Department of Cell and Systems Biology, University of Toronto, Toronto, Canada M5S 3G5.
Bioinformatics. 2012 Apr 1;28(7):962-9. doi: 10.1093/bioinformatics/bts060. Epub 2012 Feb 1.
Protein kinases represent critical links in cell signaling. A central problem in computational biology is to systematically identify their substrates.

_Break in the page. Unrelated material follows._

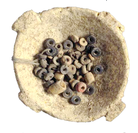חרוזים דומים נמצאו באתר עין ציפורי והם תוארכו לפי ממצאים אחרים לתקופה הכלקוליתית הקדומה (ראה בצילום השני)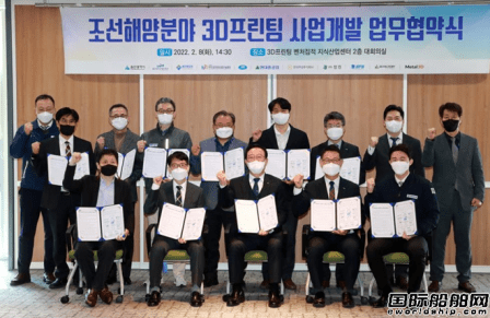 2月8日,韓國蔚山信息產(chan) 業(ye) 振興(xing) 院(UIPA)、韓國生產(chan) 技術研究院(KITECH)、韓國3D打印融合技術協會(hui) 、韓國船級社(KR)、現代重工、Hankook Steel co.,LTD等11家相關(guan) 機構和企業(ye) 齊聚在韓國造船重鎮——蔚山市3D打印風險聚集知識產(chan) 業(ye) 中心,簽訂了“造船海洋領域3D打印事業(ye) 開發業(ye) 務協議”。

This study introduces a new method to predict kinase substrates by extracting evolutionary information from multiple sequence alignments in a manner that is tolerant to degenerate motif positioning. Given a known consensus, the new method (ConDens) compares the observed density of matches to a null model of evolution and does not require labeled training data. We confirmed that ConDens has improved performance compared with several existing methods in the field. Further, we show that it is generalizable and can predict interesting substrates for several important eukaryotic kinases where training data is not available.
ConDens can be found at http://www.moseslab.csb.utoronto.ca/andyl/.
Supplementary data are available at Bioinformatics online.
蛋白激酶是细胞信号转导的关键环节。计算生物学中的一个核心问题是系统地识别它们的底物。
本研究介绍了一种新的方法,通过从多重序列比对中提取进化信息来预测激酶底物,这种方法对模体定位的退化具有容忍性。给定一个已知的共识,新方法(ConDens)将观察到的匹配密度与进化的空模型进行比较,并且不需要标记的训练数据。我们证实,ConDens 的性能优于该领域的几个现有方法。此外,我们表明它是可推广的,可以预测几个重要的真核激酶的有趣底物,而这些激酶没有可用的训练数据。
ConDens 可在 http://www.moseslab.csb.utoronto.ca/andyl/ 找到。
补充数据可在 Bioinformatics 在线获得。